The problem. The reply should hold only the lines below beginning at the one with "籾殻のプールや育苗用のトンネ" and ending at the one with "Pour plus de", copied exactly, with every picture left out.

Dataset excerpts.
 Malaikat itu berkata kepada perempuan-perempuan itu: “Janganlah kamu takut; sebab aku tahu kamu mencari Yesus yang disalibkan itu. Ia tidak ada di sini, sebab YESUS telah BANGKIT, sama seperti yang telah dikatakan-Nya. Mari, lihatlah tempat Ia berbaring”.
==
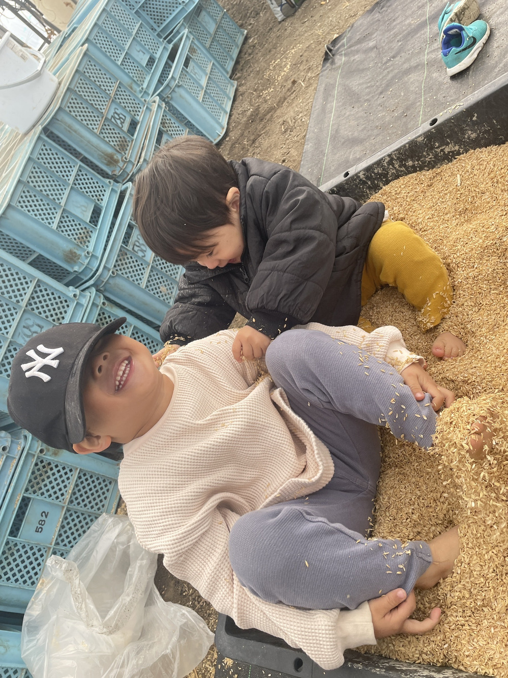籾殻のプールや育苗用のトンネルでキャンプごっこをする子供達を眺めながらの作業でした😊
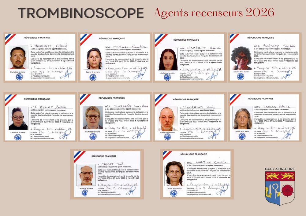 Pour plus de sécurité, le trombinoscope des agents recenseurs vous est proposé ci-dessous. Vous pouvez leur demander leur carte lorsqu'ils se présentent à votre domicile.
--
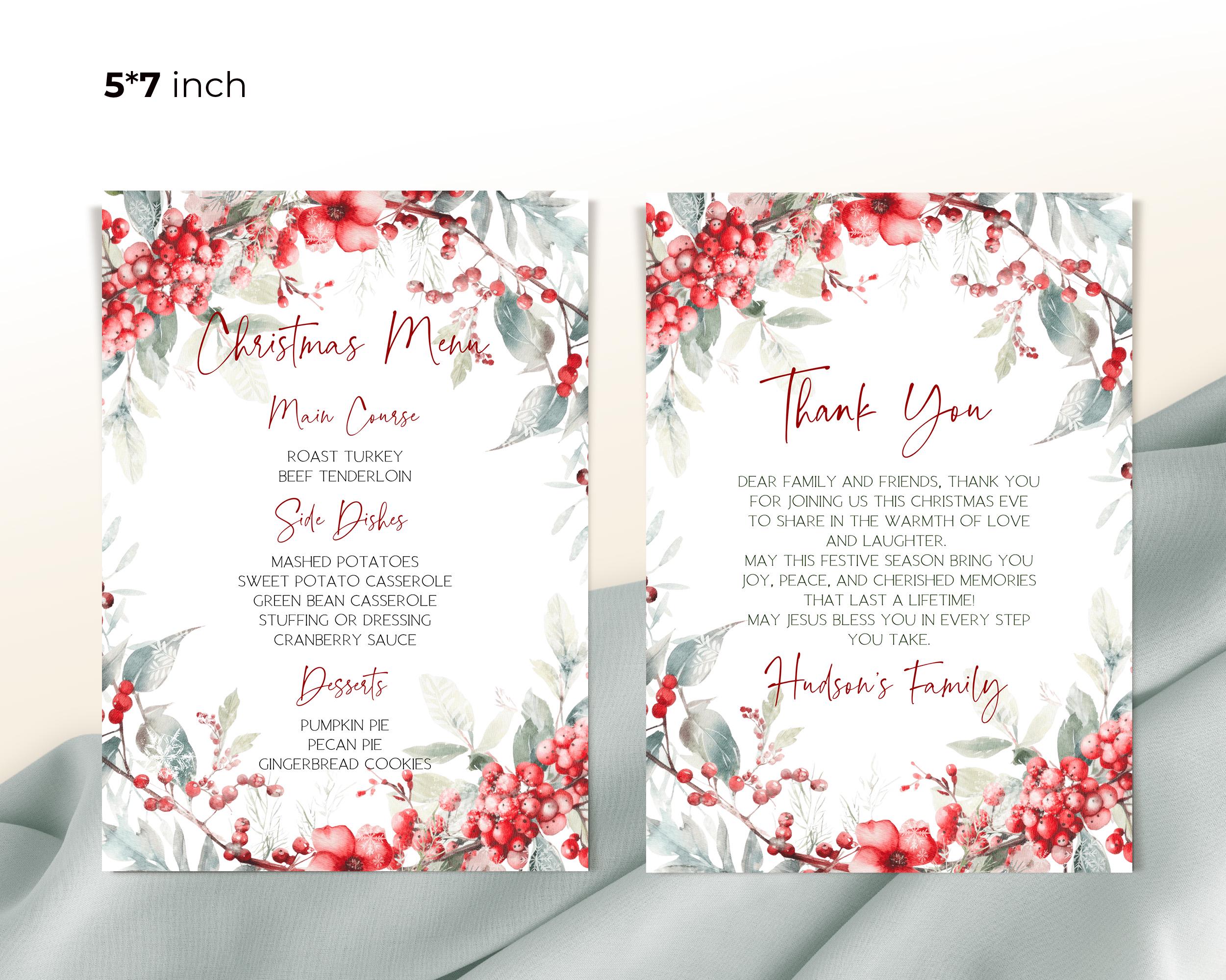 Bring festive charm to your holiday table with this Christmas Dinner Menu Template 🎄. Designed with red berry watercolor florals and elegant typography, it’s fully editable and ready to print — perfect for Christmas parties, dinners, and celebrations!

Expected output.
籾殻のプールや育苗用のトンネルでキャンプごっこをする子供達を眺めながらの作業でした😊
 Pour plus de sécurité, le trombinoscope des agents recenseurs vous est proposé ci-dessous. Vous pouvez leur demander leur carte lorsqu'ils se présentent à votre domicile.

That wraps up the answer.